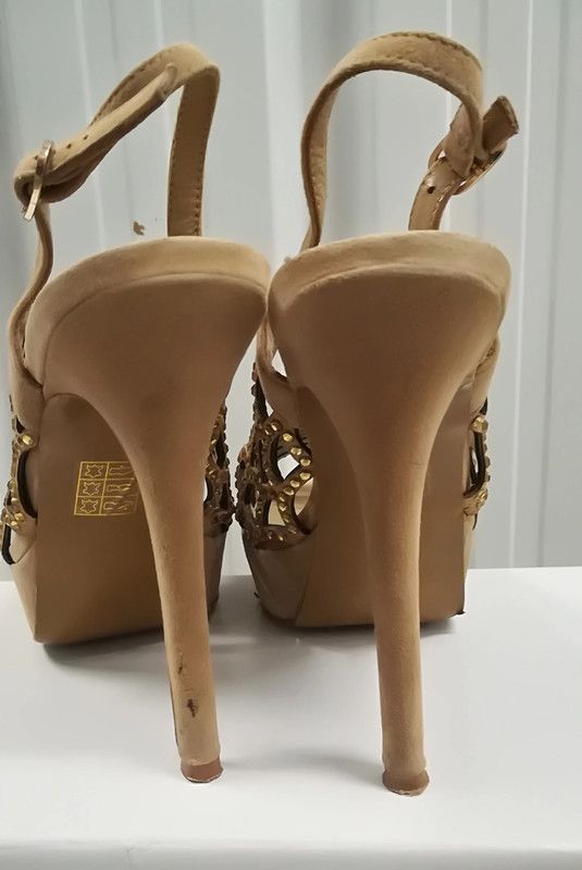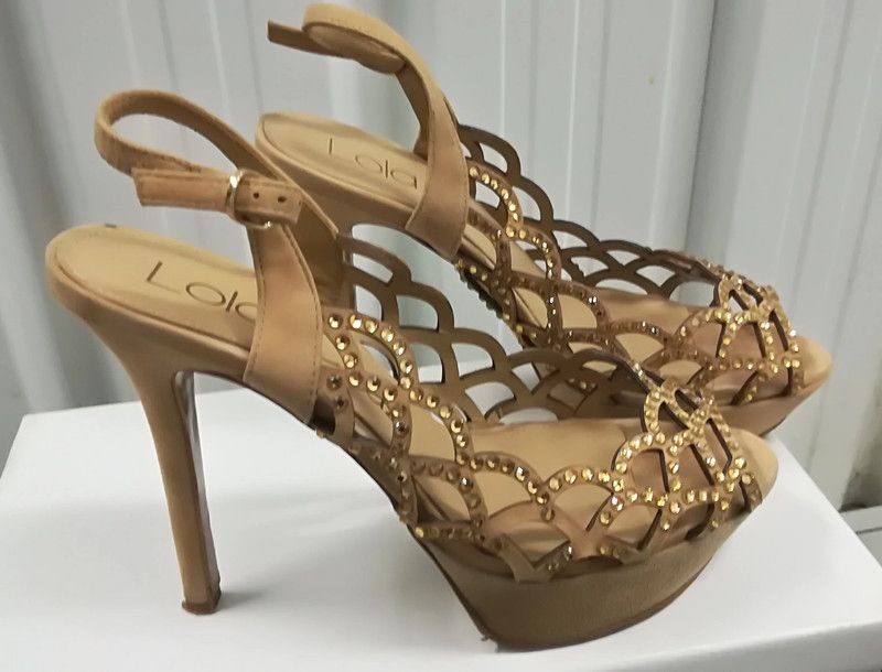 879* Superbes sandales tout cuir (3 x) de la marque de luxe LOLA CRUZ. Pointure 39. Talons de 12 cm avec plateau de 3 cm. Très bonne occasion !
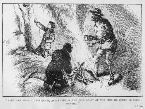 Tregelly brought forward more wood from the shelter they had formed; the fire burned more brightly; bacon was frying, and the fragrance of coffee and hot cake was being diffused, when, just as Dallas was thinking of awakening his cousin to the change in their state of affairs, a hoarse cry aroused him and made him look sharply at where, unnoticed, Abel had risen to his knees; and there, in the full light of the fire, he could be seen pointing.
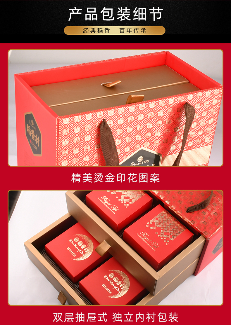 这款稻香村 中秋月饼礼盒,包含蛋黄莲蓉100g*2枚、奶油椰蓉100g*2枚、金丝枣蓉100g*2枚、玫瑰豆沙100g*2枚,包装和上是精美烫金印花图案,双层抽屉式,独立内衬包装,看着非常高端。
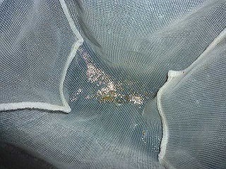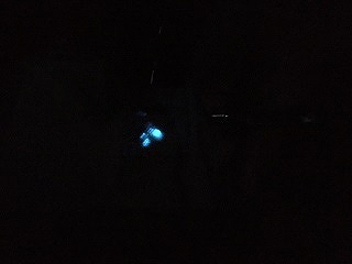 【左】網の底に見えるのがウミホタル 【中】ウミホタルが青白く発光しています 【右】ウミホタルの発光
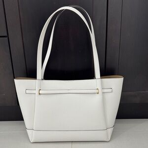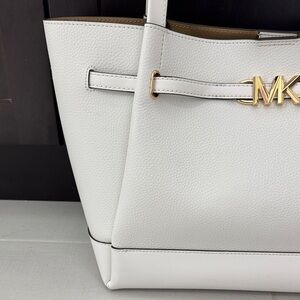 Michael Kors Reed Large Leather Belted Tote Shoulder Purse Bag - Optic White
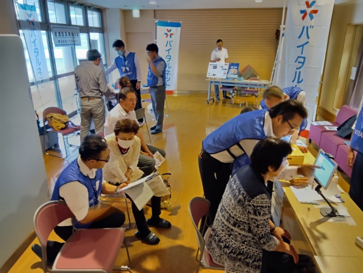 ・ブースでは、体組成・血管年齢・脳年齢・ベジチェックなどの測定を実施。
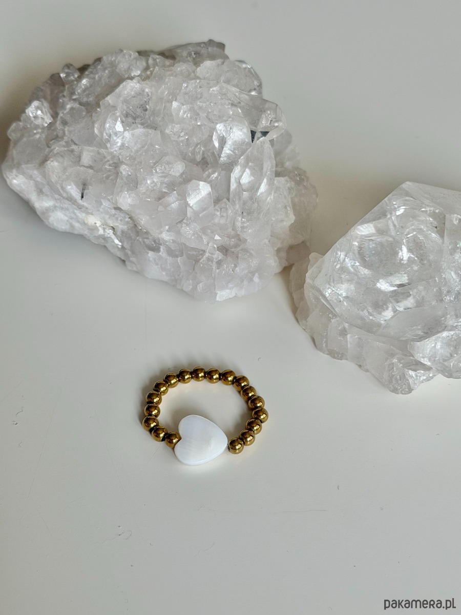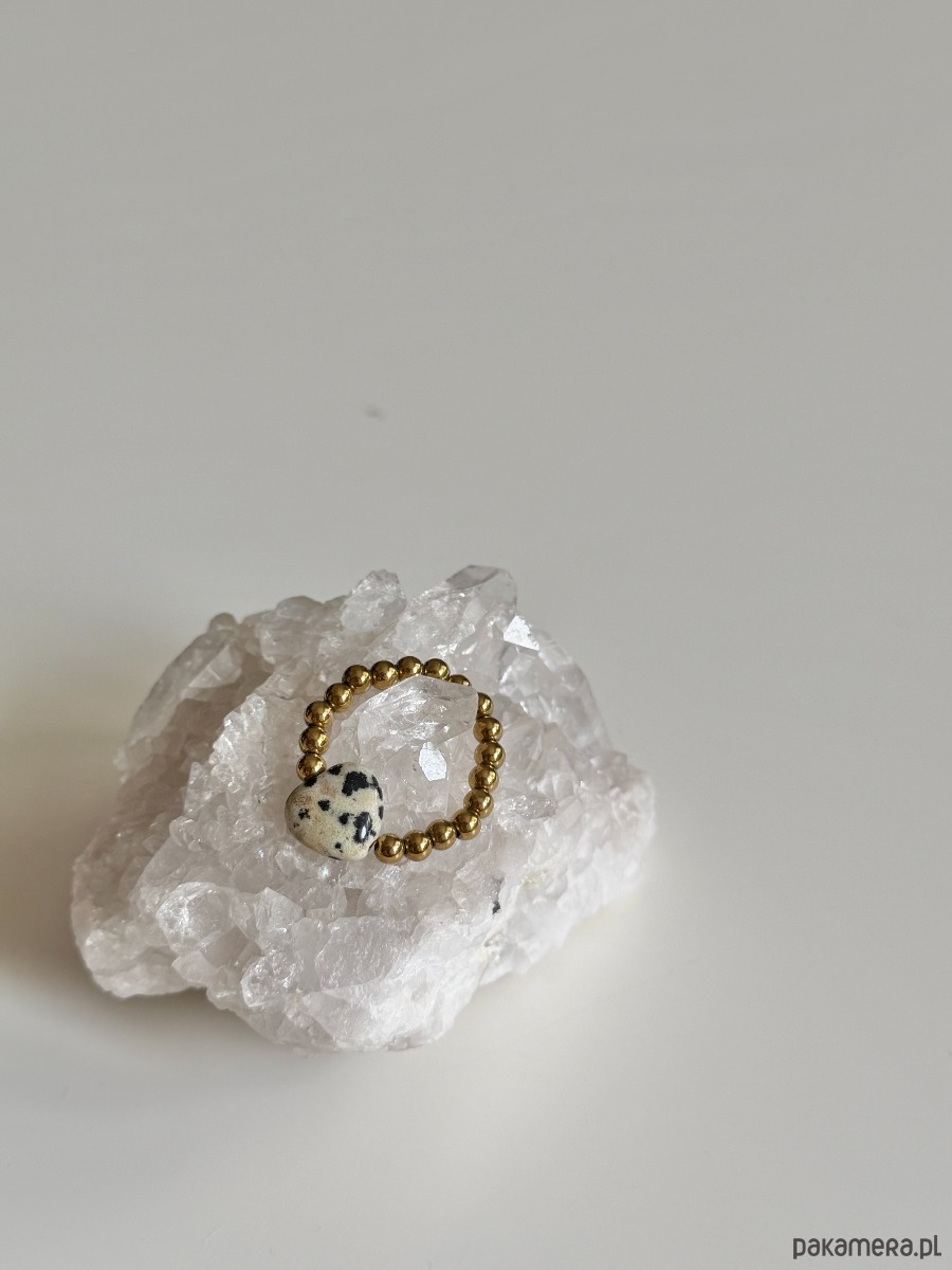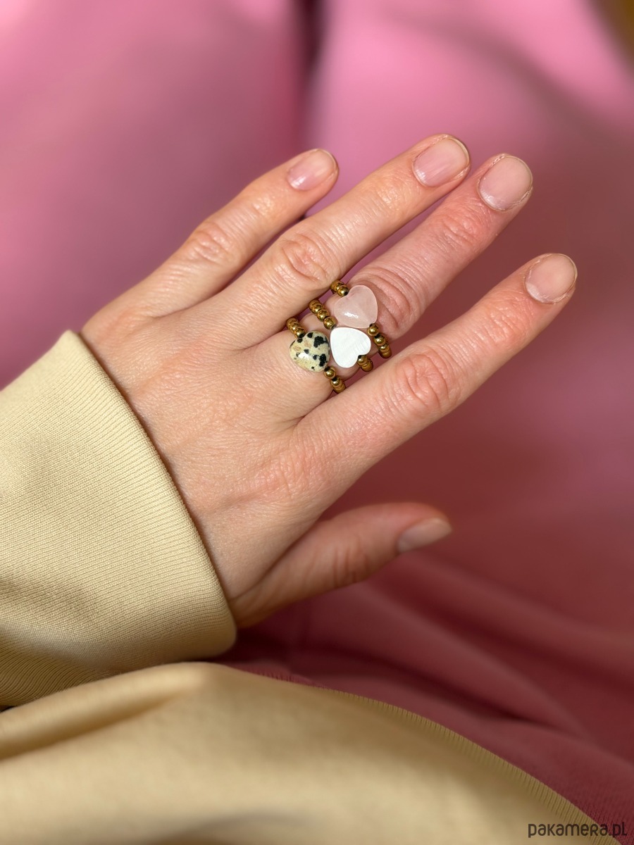 Elastyczny pierścionek GOLD z sercem z kamienia do wyboru: różowe - z kwarcu różowego, nakrapiane - z jaspisu dalmatyńskiego lub białe - z masy perłowej.

[Work instructions] Skipping the pictures, output the entries exactly as they appear above.

[Exercise result]
 879* Superbes sandales tout cuir (3 x) de la marque de luxe LOLA CRUZ. Pointure 39. Talons de 12 cm avec plateau de 3 cm. Très bonne occasion !
 Tregelly brought forward more wood from the shelter they had formed; the fire burned more brightly; bacon was frying, and the fragrance of coffee and hot cake was being diffused, when, just as Dallas was thinking of awakening his cousin to the change in their state of affairs, a hoarse cry aroused him and made him look sharply at where, unnoticed, Abel had risen to his knees; and there, in the full light of the fire, he could be seen pointing.
 这款稻香村 中秋月饼礼盒,包含蛋黄莲蓉100g*2枚、奶油椰蓉100g*2枚、金丝枣蓉100g*2枚、玫瑰豆沙100g*2枚,包装和上是精美烫金印花图案,双层抽屉式,独立内衬包装,看着非常高端。
 【左】網の底に見えるのがウミホタル 【中】ウミホタルが青白く発光しています 【右】ウミホタルの発光
 Michael Kors Reed Large Leather Belted Tote Shoulder Purse Bag - Optic White
 ・ブースでは、体組成・血管年齢・脳年齢・ベジチェックなどの測定を実施。
 Elastyczny pierścionek GOLD z sercem z kamienia do wyboru: różowe - z kwarcu różowego, nakrapiane - z jaspisu dalmatyńskiego lub białe - z masy perłowej.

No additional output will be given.